Вы здесь

Зашвырнуть ключи. Глава пятая. РИНА (В. Н. Михановский, 1972)

Глава пятая

РИНА

Гуго Ленц вышел из машины и поднялся в дом. Походка его говорила о том, что человек смертельно устал, но не сломлен выпавшими на его долю испытаниями.

– Сумасшедший день, – сказал Гуго, целуя жену. – С утра поехал с этим проклятым письмом, в Ядерном опять не ладится, а тут еще новый сотрудник, пришлось вводить в курс дела, ускоритель барахлит…

– На тебе лица нет, – сказала Рина. – Садись. Ужин будет через пятнадцать минут.

– Меня принял шеф полиции, – начал Гуго, отвечая на вопросительный взгляд жены.

– Письмо он прочел при тебе?

– Да, и очень внимательно.

– Начал расследование?

– А как же иначе? Я ведь для него важная фигура – человек, обласканный самим президентом!

Рина внимательно рассматривала камею на безымянном пальце.

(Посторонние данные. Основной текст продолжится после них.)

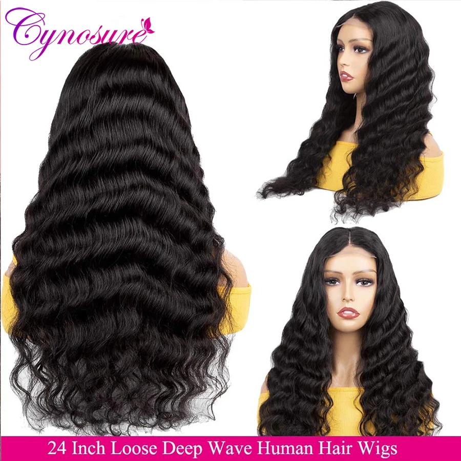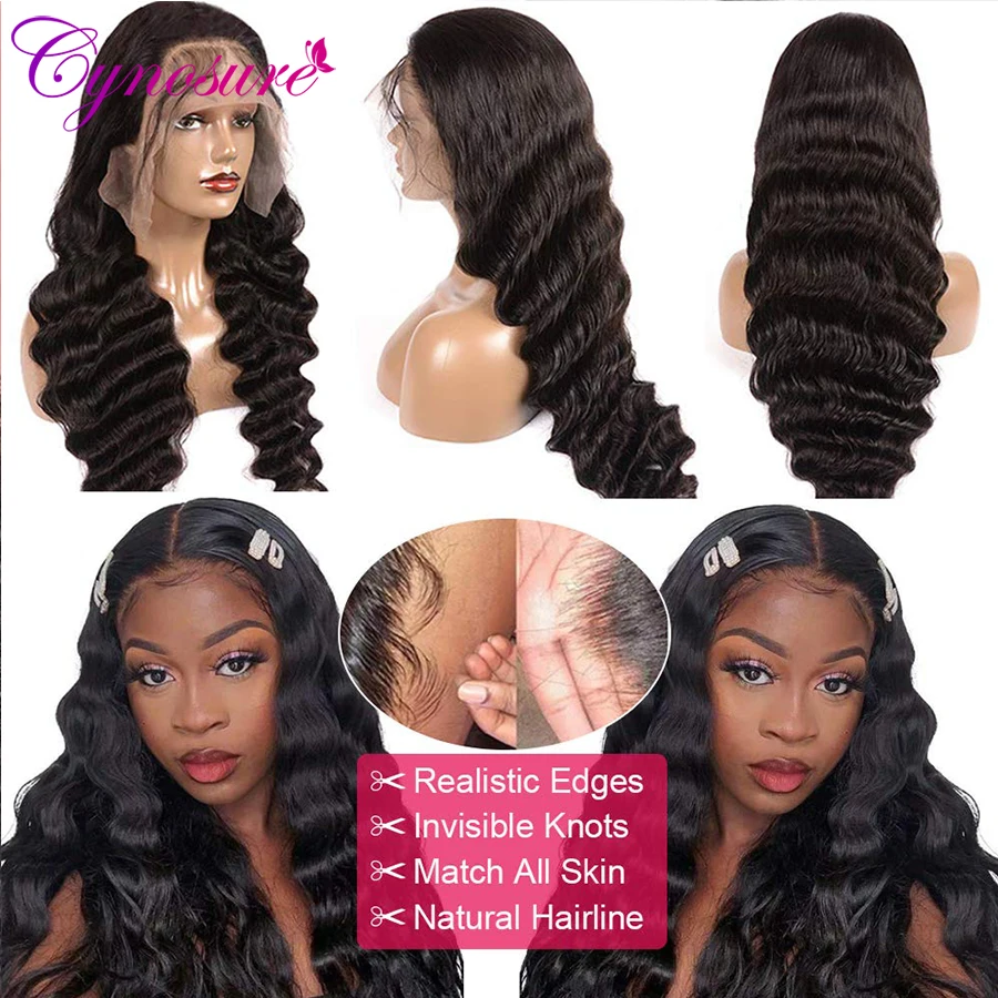 Парики Cynosure HD из прозрачных человеческих волос на сетке спереди для женщин, бразильские волосы с предварительным выщипыванием, 13X4, свободные, глубокие волны, на сетке спереди, парик без повреждений
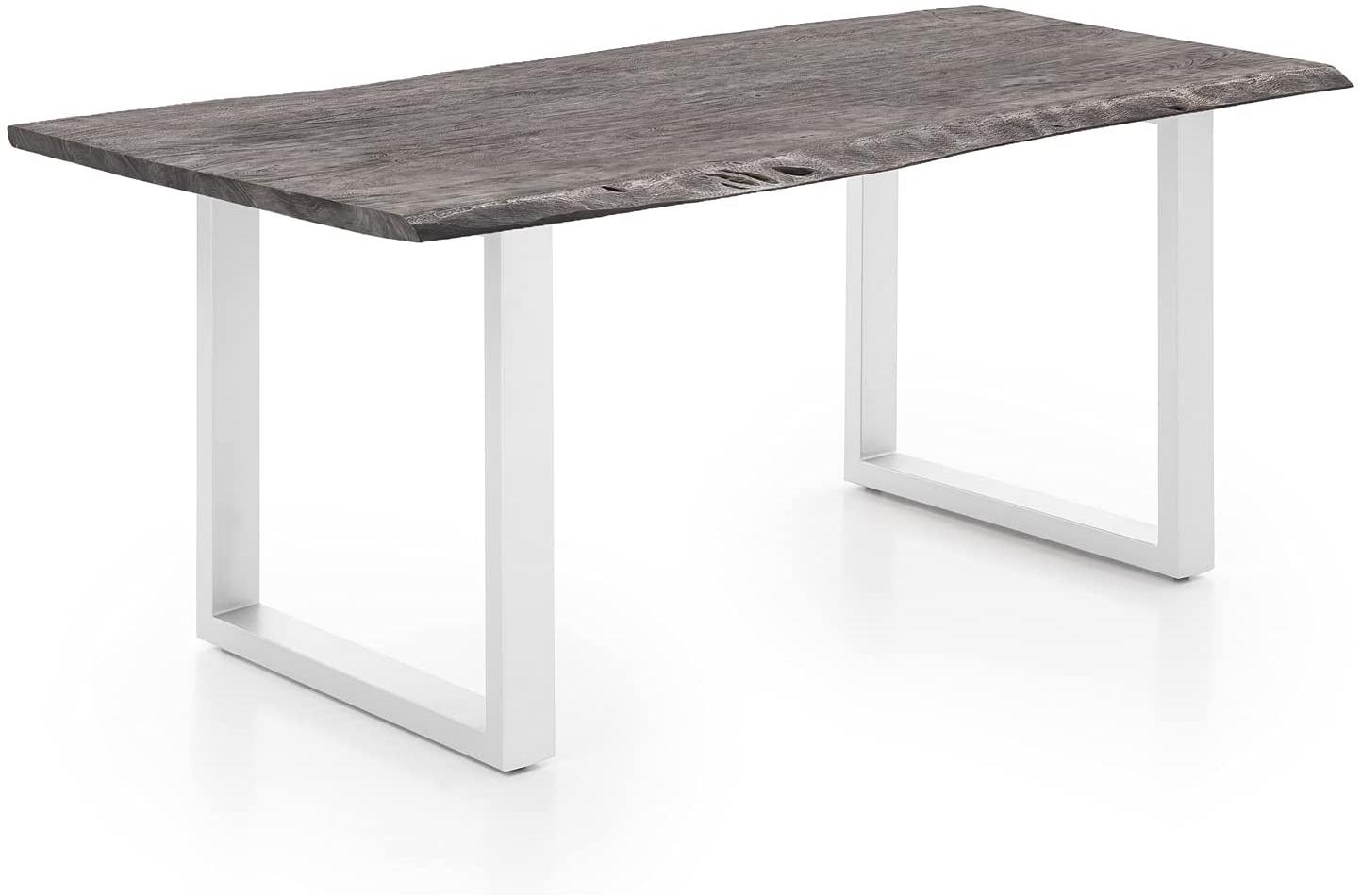 Entdecken Sie den Esstisch Bullwer in Grau und Weiß, der durch seine aufregende Farbwirkung und die natürliche Tischplatte aus gemasertem Akazienholz besticht. Die modernen Metallfüße setzen einen stilvollen Kontrast. Die Kanten des Tisches bewahren den ursprünglichen Charakter des Baumstammes. Jedes Stück ist ein Unikat, geprägt von einer einzigartigen Maserung und Unregelmäßigkeiten der Oberfläche. **Highlights** - Natürliche Tischplatte aus gemasertem Akazienholz - Moderne Metallfüße für stilvollen Kontrast - Kanten des Tisches erhalten den ursprünglichen Charakter des Baumstammes - Einzigartige Maserung, Unregelmäßigkeiten und Astlöcher machen jeden Tisch zum Unikat - Akazienholz sandgestrahlt, silbergrau veredelt und matt lackiert **Produkteigenschaften** - Maße: 75 x 90 x 170 cm (Höhe x Breite x Länge) - Farbe: Grau und Weiß - Material: Akazienholz und Metall - Besondere Merkmale: Natürliche Maserung, Unregelmäßigkeiten, Astlöcher - Oberflächenbehandlung: Sandgestrahlt, silbergrau veredelt, matt lackiert - Montage: Füße müssen montiert werden

Египетская царевна с удивленно вскинутыми полукружьями бровей улыбалась загадочной улыбкой.

– Письмо с гвоздикой меня очень беспокоит, – тихо произнесла Рина.

– На анонимки не стоит обращать слишком большого внимания, – махнул рукой Гуго.

– Неужели ты не почувствовал, что письмо – не пустая угроза? В нем каждое слово пропитано убежденностью. Автор искренен в каждой фразе.

– Актерство и поза.

– Ах, Гуго, он убьет тебя!

Гуго обнял теплые плечи.

– Успокойся, – тихо сказал он.

– Послушай, – произнесла Рина. – Давай все бросим, уедем куда-нибудь.

– И что же?

– Бросишь свои кварки, будешь только читать лекции… Рина умолкла, почувствовав, как неубедительно звучат ее слова: Гуго бросит физику! Да разве что вместе с жизнью.

– Бежать некуда, – сказал Ленц.

– Тогда почему бы тебе не выполнить требования этого маньяка? – горячо заговорила Рина. – Я целый день думала… Знаешь, в чем-то он прав. Разбей проклятый ускоритель.

– Не так все просто, – сказал Ленц. – Рассуди здраво.

– He могу я рассуждать здраво. И не хочу!

– Взорвать ускоритель не штука, но ведь автор письма требует совсем другого. И ты права, ему нельзя отказать в логике: при наличии готовых чертежей и схем ускоритель, выведенный из строя, ничего не стоит собрать заново. И для этого не нужен особенно долгий срок.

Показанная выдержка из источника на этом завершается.